OzzyKampha commented on July 21, 2024

Same problem here: on WSL

from serge.

nsarrazin commented on July 21, 2024

Hey everyone! Can you try to grab the latest main, rebuild the docker container and tell me if it's still happening?

In the case where it's still happening, can you run the following:

docker compose up -d
docker compose exec api bash
llama -m weights/your_model.bin --n_parts 1

see if it loads & starts outputting stuff. If it doesn't please send me the traceback.

from serge.

NikitaGolovko commented on July 21, 2024

Similar issues here as with @panicsteve.

7B model works well for me.
13B and 30B are failing (with different errors):

/usr/src/app# llama -m weights/ggml-alpaca-13B-q4_0.bin
main: seed = 1679620095
llama_model_load: loading model from 'weights/ggml-alpaca-13B-q4_0.bin' - please wait ...
llama_model_load: n_vocab = 32000
llama_model_load: n_ctx   = 512
llama_model_load: n_embd  = 5120
llama_model_load: n_mult  = 256
llama_model_load: n_head  = 40
llama_model_load: n_layer = 40
llama_model_load: n_rot   = 128
llama_model_load: f16     = 2
llama_model_load: n_ff    = 13824
llama_model_load: n_parts = 2
llama_model_load: ggml ctx size = 8559.49 MB
llama_model_load: memory_size =   800.00 MB, n_mem = 20480
llama_model_load: loading model part 1/2 from 'weights/ggml-alpaca-13B-q4_0.bin'
llama_model_load: llama_model_load: tensor 'tok_embeddings.weight' has wrong size in model file
llama_init_from_file: failed to load model
main: error: failed to load model 'weights/ggml-alpaca-13B-q4_0.bin'

/usr/src/app# llama -m weights/ggml-alpaca-30B-q4_0.bin
main: seed = 1679622447
llama_model_load: loading model from 'weights/ggml-alpaca-30B-q4_0.bin' - please wait ...
llama_model_load: n_vocab = 32000
llama_model_load: n_ctx   = 512
llama_model_load: n_embd  = 6656
llama_model_load: n_mult  = 256
llama_model_load: n_head  = 52
llama_model_load: n_layer = 60
llama_model_load: n_rot   = 128
llama_model_load: f16     = 2
llama_model_load: n_ff    = 17920
llama_model_load: n_parts = 4
llama_model_load: ggml ctx size = 20951.50 MB
Segmentation fault

I'm using docker on WSL.

from serge.

maxstanger commented on July 21, 2024

wsl 2:
root@f951b7cb75a6:/usr/src/app# llama -m weights/ggml-alpaca-30B-q4_0.bin
main: seed = 1679648468
llama_model_load: loading model from 'weights/ggml-alpaca-30B-q4_0.bin' - please wait ...
llama_model_load: n_vocab = 32000
llama_model_load: n_ctx = 512
llama_model_load: n_embd = 6656
llama_model_load: n_mult = 256
llama_model_load: n_head = 52
llama_model_load: n_layer = 60
llama_model_load: n_rot = 128
llama_model_load: f16 = 2
llama_model_load: n_ff = 17920
llama_model_load: n_parts = 4
llama_model_load: ggml ctx size = 20951.50 MB
Segmentation fault

from serge.

QuaxelBrod commented on July 21, 2024

Stumbled accros the issue, too.

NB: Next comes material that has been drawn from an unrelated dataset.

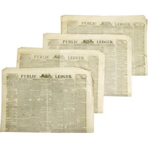 <B>Nine 1863 Editions of the Philadelphia </B></I><B><I>Public Ledger</B></I></B></I> w<B>ith Gettysburg Battle Content.</B></I> Each edition four pages, 17.25” x 24”, includes June 25, 26, 27, and 30, 1863, July 6, 8, and 9, 1863, September 3, 1863 and May 15, 1865 editions, toned buy in remarkably good condition. These papers make a nice bookend to the events leading up to and immediately after the famous battle at Gettysburg fought July 1 through 3, 1863. Leading off on June 30, 1863 is an article entitled “The Invasion of Pennsylvania” which sets the stage for the events to come. The July editions give great accounts of the aftermath of the main battle. An opportunity to read contemporary accounts of the battle just as the citizens of Philadelphia did. <I>From the collection of Henry E. Luhrs.</B></I><BR><BR><b>Shipping:</b> Flat Material, Small (<a target="_blank" href="http://www.heritageauctions.com/common/shipping.php">view shipping information</a>)

Could be you are running out of memory...
On Windows/WSL2 it seems your dockerimages are restricted to memory usage. here https://learn.microsoft.com/en-us/windows/wsl/wsl-config you find information to increase memory and CPU for you WSL2 containers.
Not shure if that helps anyone, but fixed the issue with the output like #27 (comment) for me.

from serge.

Qualzz commented on July 21, 2024

llama_model_load: llama_model_load: tensor 'tok_embeddings.weight' has wrong size in model file

For 30B

from serge.

aaroneden commented on July 21, 2024

Hey everyone! Can you try to grab the latest main, rebuild the docker container and tell me if it's still happening?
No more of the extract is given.